▶ **GOAL OF THE EXERCISE**
Here the job is to print only the lines from the one containing "This page presents" to the end of the entries, both included, exactly as they stand, with pictures excluded.

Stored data
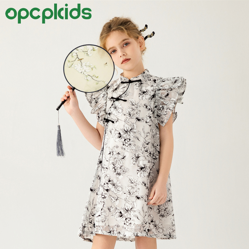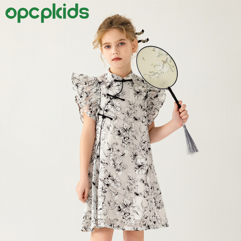 改良中大童公主裙 女童国风旗袍新中式 OPCP儿童连衣裙2025夏季 新款
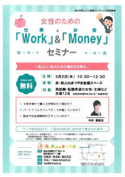 - 【就労】 女性のための「Work(仕事)」と「Money(お金)」セミナー ※女性求職者限定セミナー
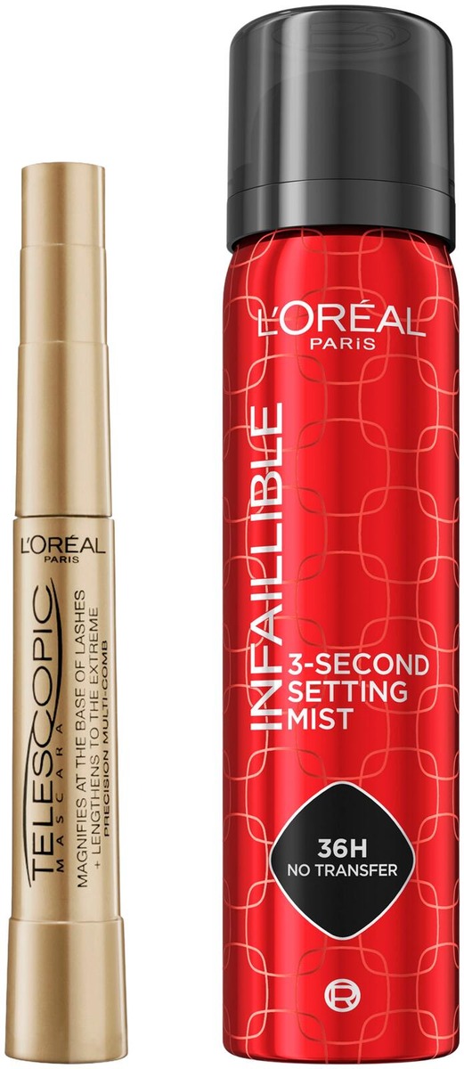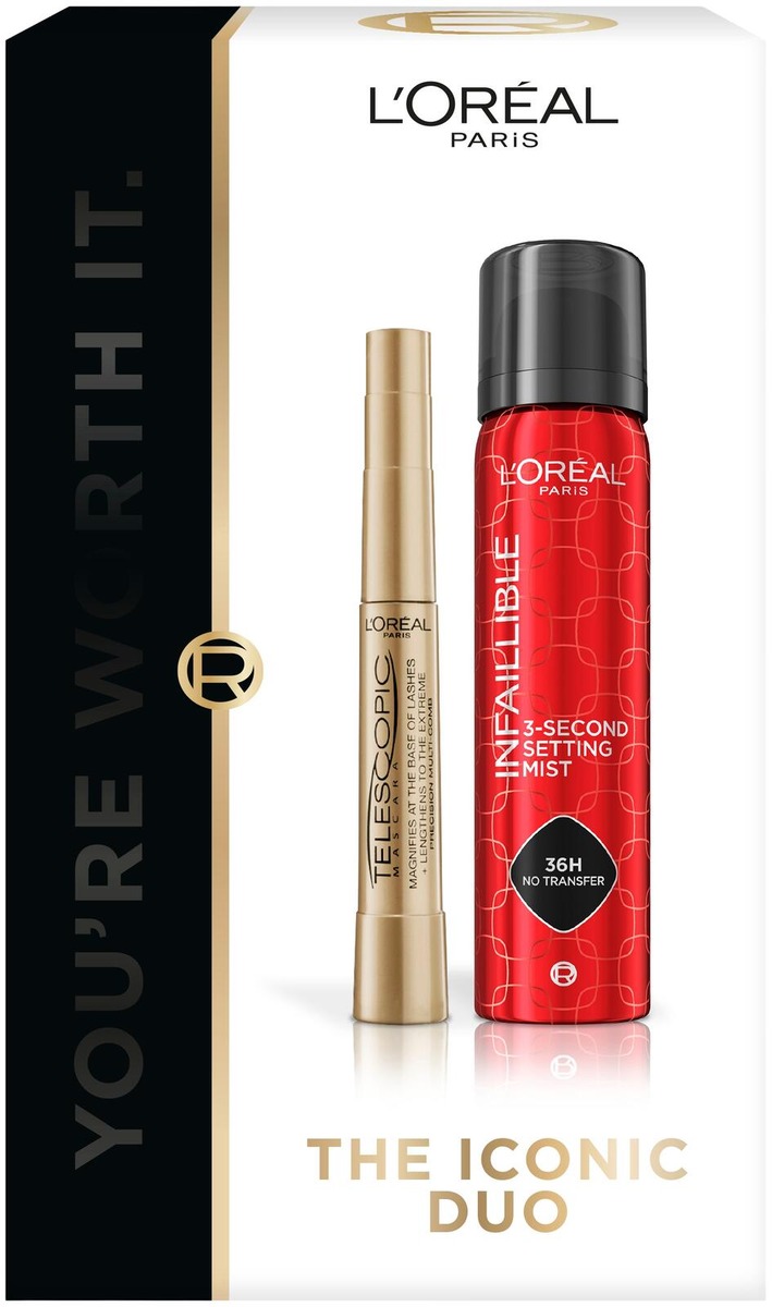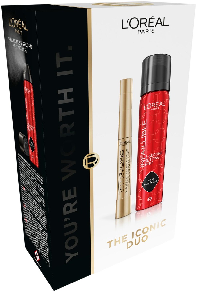 ICONIC Duo -lahjapakkaus sisältää mustan L'Oréal Paris Telescopic -maskaran ja L'Oréal Paris Infaillible 3-Second Setting Mist -meikinkiinnityssuihkeen.
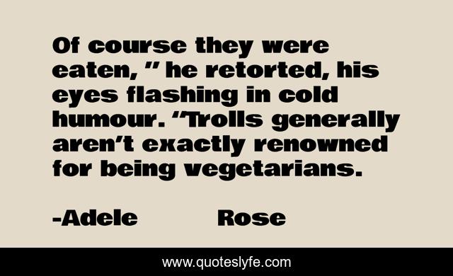 This page presents the quote "Of course they were eaten, ” he retorted, his eyes flashing in cold humour. “Trolls generally aren’t exactly renowned for being vegetarians.". Author of this quote is Adele Rose. This quote is about funny, reading, alex, humour, books, blaine, vegetarians, comedy, young-adult-fantasy,.
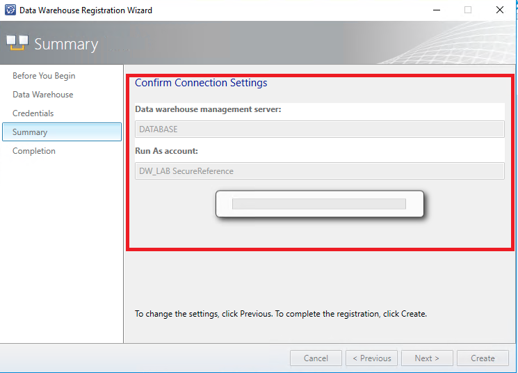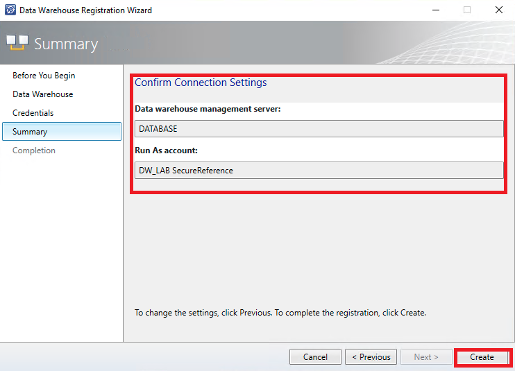 Na tela de sumário é possível verificar as configurações definidas nas etapas anteriores. Selecione a opção "Create" para iniciar o processo de registro do DW

▶ **RESULT FOR THIS EXERCISE**
 This page presents the quote "Of course they were eaten, ” he retorted, his eyes flashing in cold humour. “Trolls generally aren’t exactly renowned for being vegetarians.". Author of this quote is Adele Rose. This quote is about funny, reading, alex, humour, books, blaine, vegetarians, comedy, young-adult-fantasy,.
 Na tela de sumário é possível verificar as configurações definidas nas etapas anteriores. Selecione a opção "Create" para iniciar o processo de registro do DW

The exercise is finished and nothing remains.